* _The problem_: Output the data below only from the line containing "The sitting room" up to and including the line containing "1상자 + 세제 1개 +", exact and with the pictures left out.

* _Material shown_:

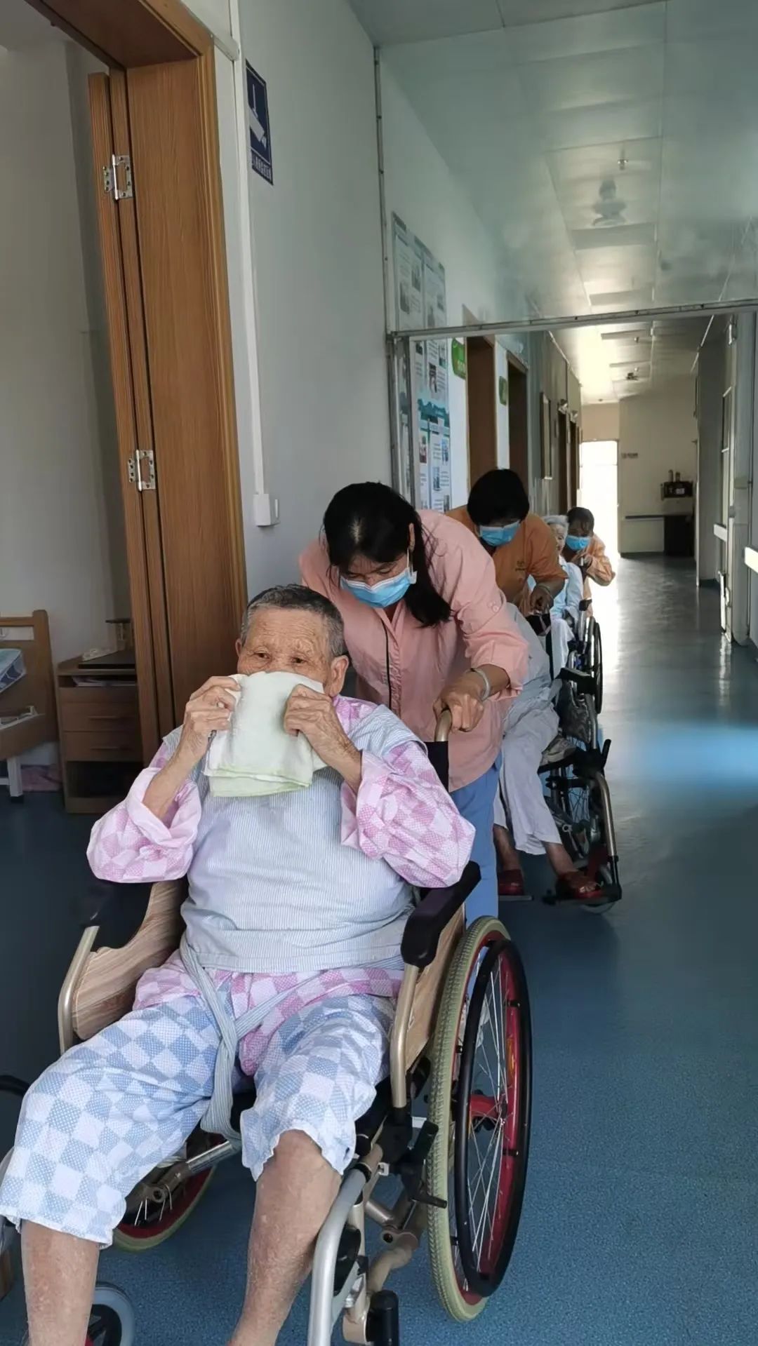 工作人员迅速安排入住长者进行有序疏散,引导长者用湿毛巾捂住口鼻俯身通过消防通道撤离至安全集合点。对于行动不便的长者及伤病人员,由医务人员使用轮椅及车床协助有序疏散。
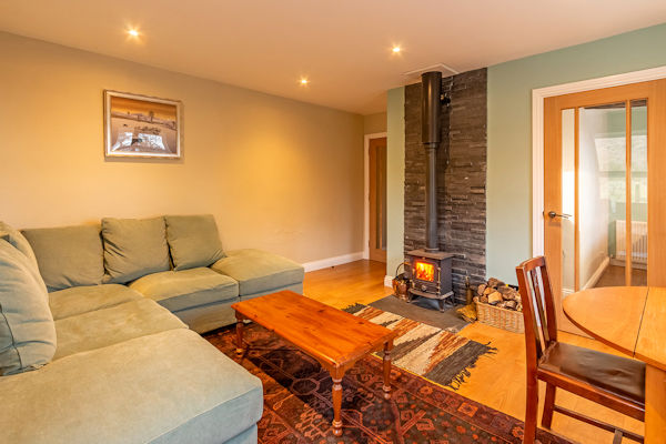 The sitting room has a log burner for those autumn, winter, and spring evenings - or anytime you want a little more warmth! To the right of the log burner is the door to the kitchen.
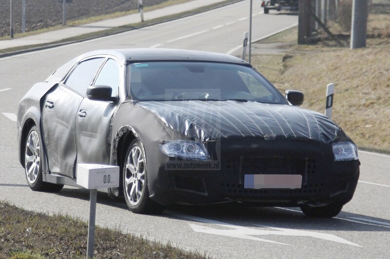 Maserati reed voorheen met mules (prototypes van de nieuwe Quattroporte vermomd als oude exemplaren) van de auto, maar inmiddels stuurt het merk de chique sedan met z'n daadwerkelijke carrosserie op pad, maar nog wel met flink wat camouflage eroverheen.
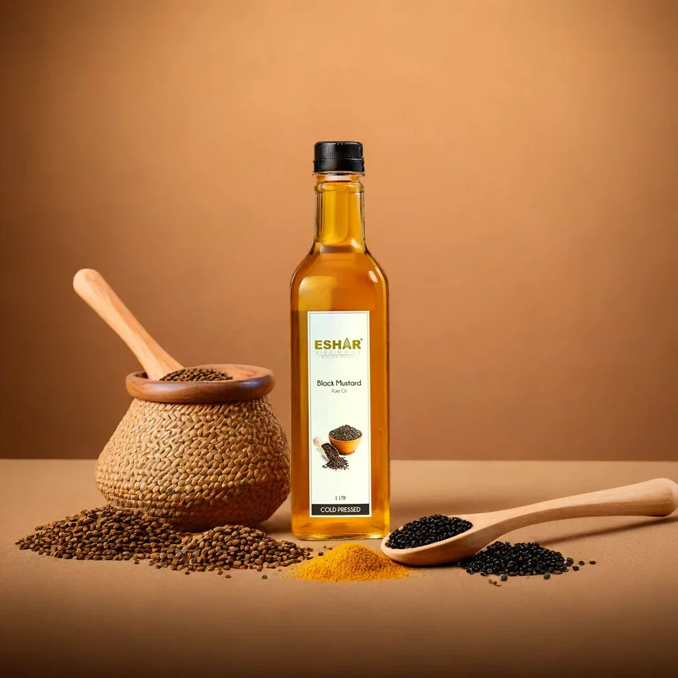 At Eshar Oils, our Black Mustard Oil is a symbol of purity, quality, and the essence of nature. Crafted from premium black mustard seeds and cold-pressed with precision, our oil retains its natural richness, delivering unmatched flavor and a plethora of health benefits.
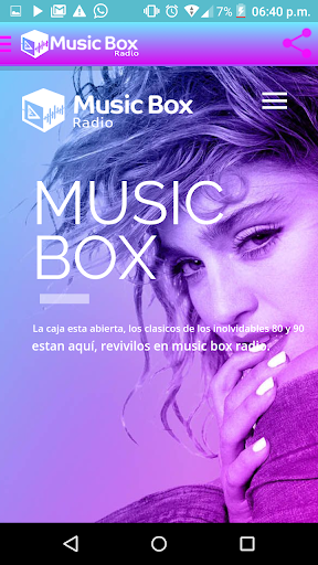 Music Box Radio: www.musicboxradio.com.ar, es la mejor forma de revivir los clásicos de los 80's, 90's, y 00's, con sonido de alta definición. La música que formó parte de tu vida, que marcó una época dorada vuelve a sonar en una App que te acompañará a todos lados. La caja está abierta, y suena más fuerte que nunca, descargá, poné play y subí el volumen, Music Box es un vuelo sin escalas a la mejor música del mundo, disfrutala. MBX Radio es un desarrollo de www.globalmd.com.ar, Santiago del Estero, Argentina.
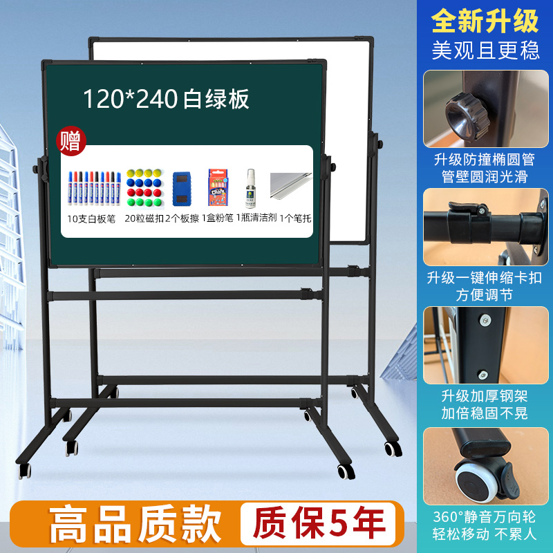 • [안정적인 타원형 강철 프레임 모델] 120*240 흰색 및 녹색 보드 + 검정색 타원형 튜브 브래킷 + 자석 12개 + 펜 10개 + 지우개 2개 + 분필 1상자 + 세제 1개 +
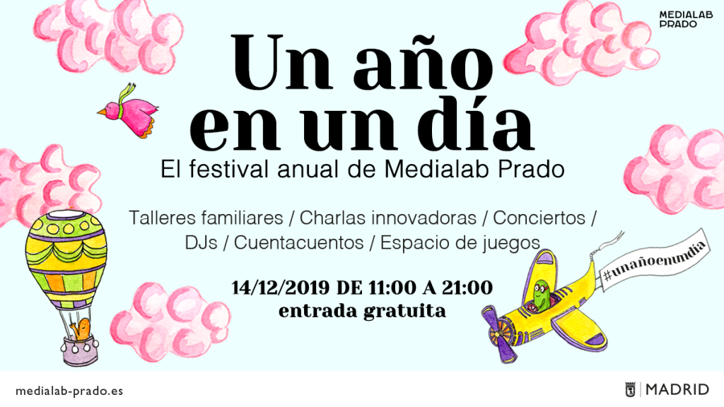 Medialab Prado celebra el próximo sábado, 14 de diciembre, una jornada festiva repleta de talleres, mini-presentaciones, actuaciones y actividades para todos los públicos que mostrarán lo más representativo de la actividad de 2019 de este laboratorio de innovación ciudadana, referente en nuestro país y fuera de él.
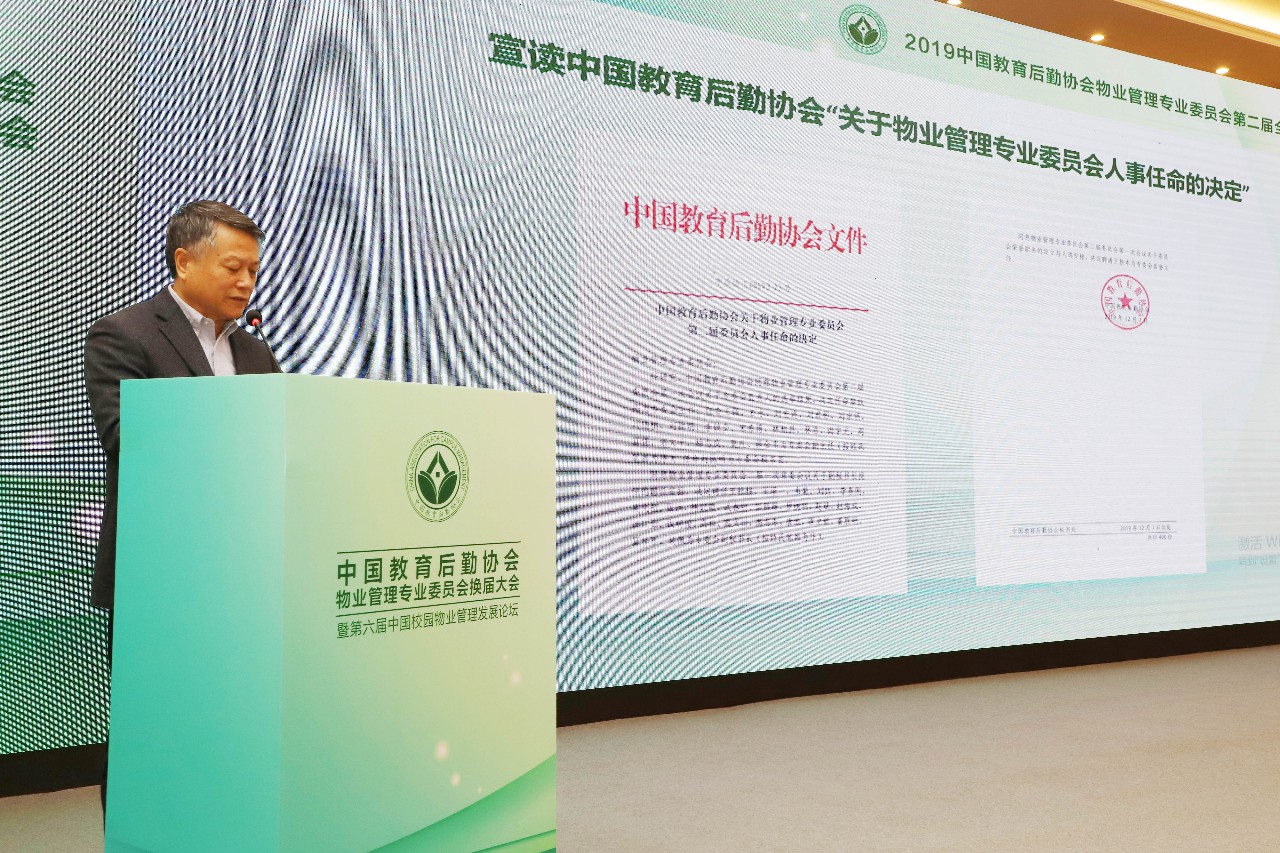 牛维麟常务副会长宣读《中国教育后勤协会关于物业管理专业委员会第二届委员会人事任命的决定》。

* _Output for this exercise_:
 The sitting room has a log burner for those autumn, winter, and spring evenings - or anytime you want a little more warmth! To the right of the log burner is the door to the kitchen.
 Maserati reed voorheen met mules (prototypes van de nieuwe Quattroporte vermomd als oude exemplaren) van de auto, maar inmiddels stuurt het merk de chique sedan met z'n daadwerkelijke carrosserie op pad, maar nog wel met flink wat camouflage eroverheen.
 At Eshar Oils, our Black Mustard Oil is a symbol of purity, quality, and the essence of nature. Crafted from premium black mustard seeds and cold-pressed with precision, our oil retains its natural richness, delivering unmatched flavor and a plethora of health benefits.
 Music Box Radio: www.musicboxradio.com.ar, es la mejor forma de revivir los clásicos de los 80's, 90's, y 00's, con sonido de alta definición. La música que formó parte de tu vida, que marcó una época dorada vuelve a sonar en una App que te acompañará a todos lados. La caja está abierta, y suena más fuerte que nunca, descargá, poné play y subí el volumen, Music Box es un vuelo sin escalas a la mejor música del mundo, disfrutala. MBX Radio es un desarrollo de www.globalmd.com.ar, Santiago del Estero, Argentina.
 • [안정적인 타원형 강철 프레임 모델] 120*240 흰색 및 녹색 보드 + 검정색 타원형 튜브 브래킷 + 자석 12개 + 펜 10개 + 지우개 2개 + 분필 1상자 + 세제 1개 +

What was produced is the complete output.